Material and labor for constructing land pipelines make up more than 77% of the cost. For offshore projects, material and labor make up more than 75%.
Fig. 4 plots the average pipeline construction cost for land and offshore gas-pipeline construction projects listed in Table 4.
Fig. 5 shows the cost split for land compressor stations based on data in Table 5.
Table 6 lists 10 years of $/mile land-construction costs for natural-gas pipelines with diameters ranging from 8 to 36 in. The table's data consist of estimated costs filed under CP dockets with the FERC, the same data that are shown in Tables 4 and 5.
The average cost per mile for any given diameter, Table 6 shows, may fluctuate from one year to another as projects' costs are affected by geographic location, terrain, population density, or other factors.
Costs per mile from 1995 to 1996 are mixed with generally higher estimates for labor and, to a lesser extent, for materials.
Yearly fluctuations in these figures are illustrated in construction figures for a 12-in. pipeline.

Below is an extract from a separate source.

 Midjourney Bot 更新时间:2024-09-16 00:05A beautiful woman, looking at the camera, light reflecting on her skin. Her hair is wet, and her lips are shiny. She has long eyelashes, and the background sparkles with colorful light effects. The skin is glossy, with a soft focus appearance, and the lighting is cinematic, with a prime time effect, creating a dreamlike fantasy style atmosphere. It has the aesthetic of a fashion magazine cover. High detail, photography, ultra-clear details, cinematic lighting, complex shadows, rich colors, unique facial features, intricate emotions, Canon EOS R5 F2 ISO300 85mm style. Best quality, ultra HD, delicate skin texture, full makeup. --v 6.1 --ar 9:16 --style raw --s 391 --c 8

These had dropped by more than 30% 1986 to 1987, jumped by more than 47% in 1988, fell again in 1989, leapt by more than 86% in 1990 only to fall sharply in 1991.
Actual spending
Actual costs for a project which is approved and built must be filed with FERC within 6 months after the pipeline's successful hydrostatic testing or the compressor's being placed in service.
Fig. 6 shows 5 years of estimated-vs.-actual costs on cost-per-mile bases for project totals.

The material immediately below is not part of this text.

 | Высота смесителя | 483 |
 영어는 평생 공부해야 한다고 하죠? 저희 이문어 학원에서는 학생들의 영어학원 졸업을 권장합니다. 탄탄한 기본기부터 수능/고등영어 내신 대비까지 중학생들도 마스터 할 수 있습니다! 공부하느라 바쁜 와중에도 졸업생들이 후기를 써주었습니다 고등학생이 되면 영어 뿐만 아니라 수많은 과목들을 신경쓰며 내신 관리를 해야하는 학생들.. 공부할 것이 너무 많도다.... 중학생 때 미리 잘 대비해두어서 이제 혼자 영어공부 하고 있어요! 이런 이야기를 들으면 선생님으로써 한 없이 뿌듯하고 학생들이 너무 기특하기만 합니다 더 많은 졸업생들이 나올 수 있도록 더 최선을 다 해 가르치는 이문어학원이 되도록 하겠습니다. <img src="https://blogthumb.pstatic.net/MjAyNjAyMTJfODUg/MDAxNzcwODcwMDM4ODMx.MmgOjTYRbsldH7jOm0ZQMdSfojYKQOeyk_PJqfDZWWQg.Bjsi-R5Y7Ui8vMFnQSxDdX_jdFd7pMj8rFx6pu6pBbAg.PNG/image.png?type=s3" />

Tables 7 and 8 show such actual costs for pipeline and compressor-station projects reported to the FERC during the 12 months ending June 30, 1996. Fig. 7 for the same period, depicts how total actual costs for each category compared to estimated costs.
Some of these projects may have been proposed and even approved much earlier than the 1-year survey period. Others may have been filed for, approved, and built during the survey period.

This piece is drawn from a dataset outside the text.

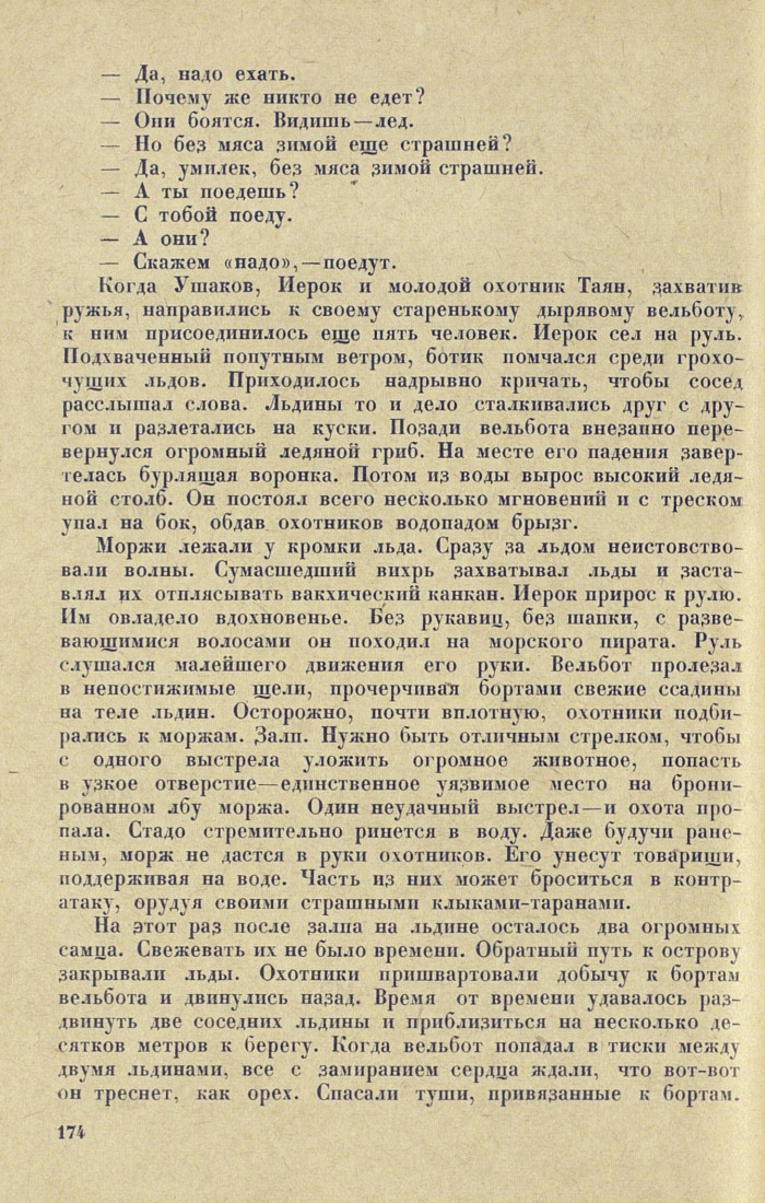 Моржи лежали у кромки льда. Сразу за льдом неистовствовали волны. Сумасшедший вихрь захватывал льды и заставлял их отплясывать вакхический канкан. Иерок прирос к рулю. Им овладело вдохновенье. Без рукавиц, без шапки, с развевающимися волосами он походил на морского пирата. Руль слушался малейшего движения его руки. Вельбот пролезал в непостижимые щели, прочерчивая бортами свежие ссадины на теле льдин. Осторожно, почти вплотную, охотники подбирались к моржам. Залп. Нужно быть отличным стрелком, чтобы с одного выстрела уложить огромное животное, попасть в узкое отверстие — единственное уязвимое место на бронированном лбу моржа. Один неудачный выстрел — и охота пропала. Стадо стремительно ринется в воду. Даже будучи раненым, морж не дастся в руки охотников. Его унесут товарищи, поддерживая па воде. Часть из них может броситься в контратаку, орудуя своими страшными клыками-таранами.
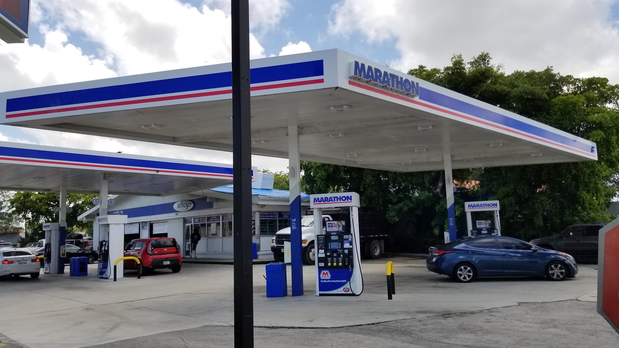 The lovely day attendant at the cashier brightened up my day and the gas price was conveniently low.V satisfied w/ the ease in service early in the a.m.!

And in its initial filing, each pipeline project may have been reported in construction "spreads," or mileage segments, which is how projects are broken out in Table 4.
Completed-projects' cost data, however, are usually reported to the FERC for an entire filing, separating only pipeline from compressor-station (or metering site) costs and lumping several diameters together.
And this year, actual costs for gas-pipeline construction in the Canadian province of Alberta are included in Table 9.
Overall, actual U.S. gas-pipeline construction costs fell short of anticipated ones by more than $145 million.
This was due primarily to actual labor costs not meeting expected costs by more than $75 million. Similarly, costs in all other categories fell short of estimates as well.
Table 8 shows that actual costs for installing compression exceeded estimates by nearly $24 million.
Labor costs accounted for much of the difference, exceeding estimates by nearly $15 million. Actual material costs were more than $8 million over estimates.
Actual costs for miscellaneous items were greater than estimated by nearly $2 million.